WHAT THE TASK REQUIRES >> Beneath this line are the data; copy exactly the part of them that opens with the line containing "Unique dangling LOVE" and closes with the line containing "and stay cool", and only that part.

DATA FOR ANALYSIS >>
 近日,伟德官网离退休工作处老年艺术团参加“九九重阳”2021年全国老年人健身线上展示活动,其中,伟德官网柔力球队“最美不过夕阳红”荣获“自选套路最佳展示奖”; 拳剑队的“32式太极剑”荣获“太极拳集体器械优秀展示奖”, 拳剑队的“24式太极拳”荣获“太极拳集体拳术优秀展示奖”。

==

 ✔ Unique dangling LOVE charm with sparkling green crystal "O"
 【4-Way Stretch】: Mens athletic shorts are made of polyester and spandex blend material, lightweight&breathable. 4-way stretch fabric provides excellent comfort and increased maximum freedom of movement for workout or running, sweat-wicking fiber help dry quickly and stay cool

...

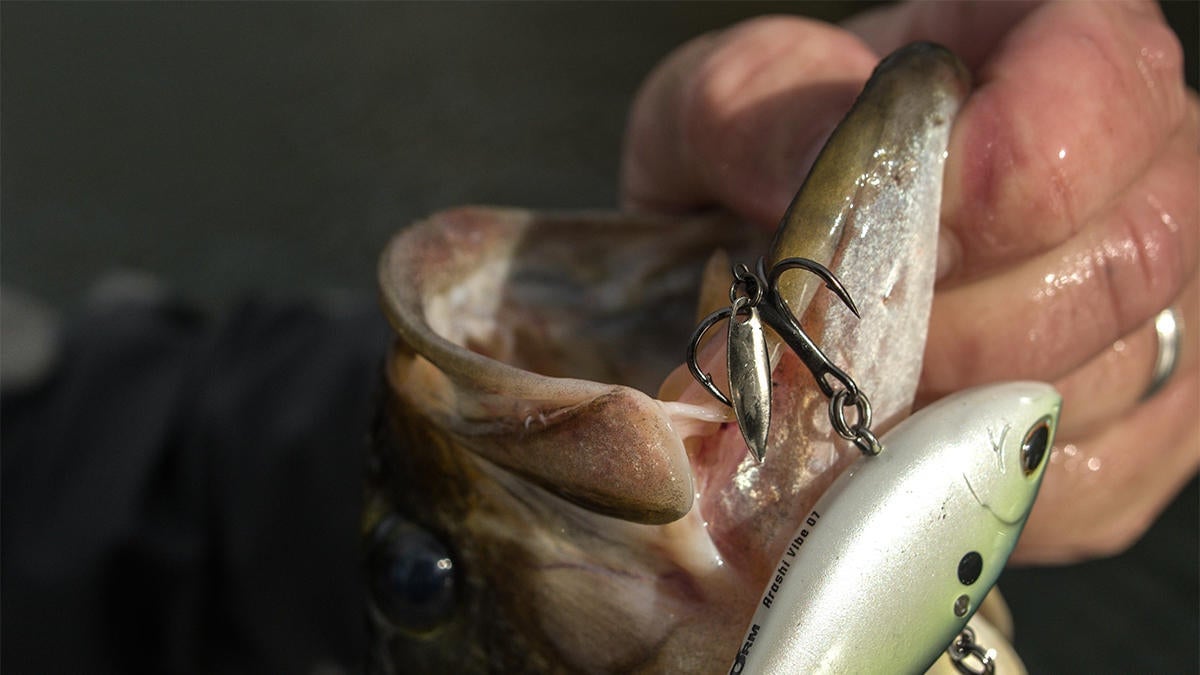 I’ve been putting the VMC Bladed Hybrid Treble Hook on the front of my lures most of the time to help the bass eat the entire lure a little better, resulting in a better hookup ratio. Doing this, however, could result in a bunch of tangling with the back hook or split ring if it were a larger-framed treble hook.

RESPONSE >>
 ✔ Unique dangling LOVE charm with sparkling green crystal "O"
 【4-Way Stretch】: Mens athletic shorts are made of polyester and spandex blend material, lightweight&breathable. 4-way stretch fabric provides excellent comfort and increased maximum freedom of movement for workout or running, sweat-wicking fiber help dry quickly and stay cool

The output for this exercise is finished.